Ronald Colman and Loretta Young |
As for the rest of the film, I remember how my father summed up, phallocentricly, the plots of Gilbert and Sullivan operettas to me when I was a child: boy gets girl, boy loses girl, boy gets girl. The reason I bring up operettas is that was the background of the primary screenwriter of the film, Frederick Lonsdale, who authored the librettos for such forgotten bon-bons as King of Cadonia, The Balkan Princess, and The Maid of the Mountains. He had shifted in the 1920s to penning drawing room comedies, the most famous being On Approval, and this is the genre that The Devil to Pay resides in. Happily, director Fitzmaurice presents the action fluidly and elegantly. This is yet another early talkie that punctures the myth of that era being dominated by static and clunky fare. The film is filled with pans and dollies that are both elegant and dynamic. My favorite is a dolly shot of a passel of lonely dogs imprisoned in the display window of a pet shop. Our hero can't help but go ahead and purchase one of the incarcerated canines, even though he is down to his last pound. The dolly sets up the scene perfectly, one in which Hale's bona fides as a good egg is made plain to the audience. Colman's rapport with his new pet shows off his continental charm to good effect.

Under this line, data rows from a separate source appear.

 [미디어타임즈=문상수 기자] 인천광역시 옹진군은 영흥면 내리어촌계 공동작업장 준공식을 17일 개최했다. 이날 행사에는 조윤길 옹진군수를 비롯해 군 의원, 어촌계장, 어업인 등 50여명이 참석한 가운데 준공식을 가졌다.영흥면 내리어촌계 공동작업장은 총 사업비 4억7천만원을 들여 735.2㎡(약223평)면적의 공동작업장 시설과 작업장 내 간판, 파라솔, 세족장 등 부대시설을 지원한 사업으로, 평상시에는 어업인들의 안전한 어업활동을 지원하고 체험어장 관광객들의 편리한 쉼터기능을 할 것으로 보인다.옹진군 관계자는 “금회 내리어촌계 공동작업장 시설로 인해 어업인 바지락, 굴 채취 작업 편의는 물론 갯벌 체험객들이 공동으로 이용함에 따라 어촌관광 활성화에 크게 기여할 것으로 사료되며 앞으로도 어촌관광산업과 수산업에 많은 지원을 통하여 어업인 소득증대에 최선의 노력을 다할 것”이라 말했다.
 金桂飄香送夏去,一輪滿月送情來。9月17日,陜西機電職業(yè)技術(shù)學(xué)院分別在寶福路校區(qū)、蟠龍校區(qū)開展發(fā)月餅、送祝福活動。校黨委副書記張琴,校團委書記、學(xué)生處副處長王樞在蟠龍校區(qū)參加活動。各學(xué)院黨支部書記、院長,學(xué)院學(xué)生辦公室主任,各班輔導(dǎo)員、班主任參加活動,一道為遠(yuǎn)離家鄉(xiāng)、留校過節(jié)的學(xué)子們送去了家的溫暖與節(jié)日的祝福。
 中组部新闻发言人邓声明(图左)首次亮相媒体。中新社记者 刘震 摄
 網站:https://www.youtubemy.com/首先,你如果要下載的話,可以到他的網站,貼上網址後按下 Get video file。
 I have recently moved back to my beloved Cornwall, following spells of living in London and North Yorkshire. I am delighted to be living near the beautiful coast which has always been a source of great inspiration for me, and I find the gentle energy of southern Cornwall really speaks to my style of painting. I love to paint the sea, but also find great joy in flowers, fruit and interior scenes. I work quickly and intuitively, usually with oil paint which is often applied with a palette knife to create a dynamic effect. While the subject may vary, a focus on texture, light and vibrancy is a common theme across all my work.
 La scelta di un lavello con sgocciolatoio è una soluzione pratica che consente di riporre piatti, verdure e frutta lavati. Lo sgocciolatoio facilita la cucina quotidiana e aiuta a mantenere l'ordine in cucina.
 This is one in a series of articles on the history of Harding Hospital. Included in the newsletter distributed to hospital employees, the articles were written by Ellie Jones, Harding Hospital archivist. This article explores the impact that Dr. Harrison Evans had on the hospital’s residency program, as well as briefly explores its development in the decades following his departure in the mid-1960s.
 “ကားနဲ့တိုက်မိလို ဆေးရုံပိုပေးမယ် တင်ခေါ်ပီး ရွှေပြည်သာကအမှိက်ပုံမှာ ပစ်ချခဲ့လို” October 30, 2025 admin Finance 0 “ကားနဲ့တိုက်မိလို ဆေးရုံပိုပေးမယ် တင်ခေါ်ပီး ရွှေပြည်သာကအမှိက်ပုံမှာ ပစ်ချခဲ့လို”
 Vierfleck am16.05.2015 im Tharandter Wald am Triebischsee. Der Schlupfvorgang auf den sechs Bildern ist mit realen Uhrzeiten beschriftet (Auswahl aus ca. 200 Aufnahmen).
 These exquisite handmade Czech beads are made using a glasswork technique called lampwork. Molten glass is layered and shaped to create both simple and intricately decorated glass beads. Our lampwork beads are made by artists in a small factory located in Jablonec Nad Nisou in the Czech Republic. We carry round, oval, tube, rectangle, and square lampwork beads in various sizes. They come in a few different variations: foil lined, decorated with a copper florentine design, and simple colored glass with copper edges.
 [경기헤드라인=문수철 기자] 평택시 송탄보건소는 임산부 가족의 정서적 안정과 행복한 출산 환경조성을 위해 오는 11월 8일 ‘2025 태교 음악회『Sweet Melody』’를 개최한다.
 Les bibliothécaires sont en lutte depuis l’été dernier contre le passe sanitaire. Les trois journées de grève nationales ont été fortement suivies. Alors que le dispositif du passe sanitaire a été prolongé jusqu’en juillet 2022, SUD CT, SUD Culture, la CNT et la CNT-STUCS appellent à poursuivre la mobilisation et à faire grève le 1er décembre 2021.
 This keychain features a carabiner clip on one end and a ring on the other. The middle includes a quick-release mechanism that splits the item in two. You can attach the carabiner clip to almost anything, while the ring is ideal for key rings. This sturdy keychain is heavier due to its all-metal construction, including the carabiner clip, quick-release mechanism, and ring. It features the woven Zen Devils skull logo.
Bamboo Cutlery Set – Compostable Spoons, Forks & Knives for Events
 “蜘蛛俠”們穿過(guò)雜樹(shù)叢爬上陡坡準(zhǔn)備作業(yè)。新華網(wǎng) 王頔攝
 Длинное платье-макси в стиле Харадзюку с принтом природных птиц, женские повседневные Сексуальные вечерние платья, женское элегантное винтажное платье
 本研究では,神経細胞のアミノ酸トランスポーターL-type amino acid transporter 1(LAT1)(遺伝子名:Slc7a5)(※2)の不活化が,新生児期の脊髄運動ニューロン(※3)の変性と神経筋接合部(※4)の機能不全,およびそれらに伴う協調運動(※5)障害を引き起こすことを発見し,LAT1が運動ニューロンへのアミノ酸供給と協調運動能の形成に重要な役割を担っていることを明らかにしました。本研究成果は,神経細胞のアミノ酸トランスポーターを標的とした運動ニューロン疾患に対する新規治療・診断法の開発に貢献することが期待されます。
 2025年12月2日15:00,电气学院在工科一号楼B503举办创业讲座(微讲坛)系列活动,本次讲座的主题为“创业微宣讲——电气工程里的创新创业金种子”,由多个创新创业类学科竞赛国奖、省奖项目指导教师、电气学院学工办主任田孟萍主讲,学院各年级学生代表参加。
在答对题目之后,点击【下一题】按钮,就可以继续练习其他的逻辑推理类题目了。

The sets and costumes are first rate and Fitzmaurice does a good job of conjuring up Britannia upon the sound stages of Santa Monica Boulevard. Even when interior stages are used for exterior sequences, as in the carnival sequence on the fringes of the Derby, enough pixie dust is strewn about to create magical moments. Despite a decided age difference, Colman and Young generate pleasant chemistry. In fact, I don't think I've ever seen Ms. Young look more ravishing. The only negative note I would strike is I think the film under utilizes Myrna Loy. Playing Ms. Young's rival, a showgirl who is having a fling with Hale before he meets Dorothy and then is discarded, Loy is stuck with a hideous blonde bob and little to do; though she does get one nifty risqué moment (see below). All in all, I think William K. Everson summed up the film best as a "charming piece of froth."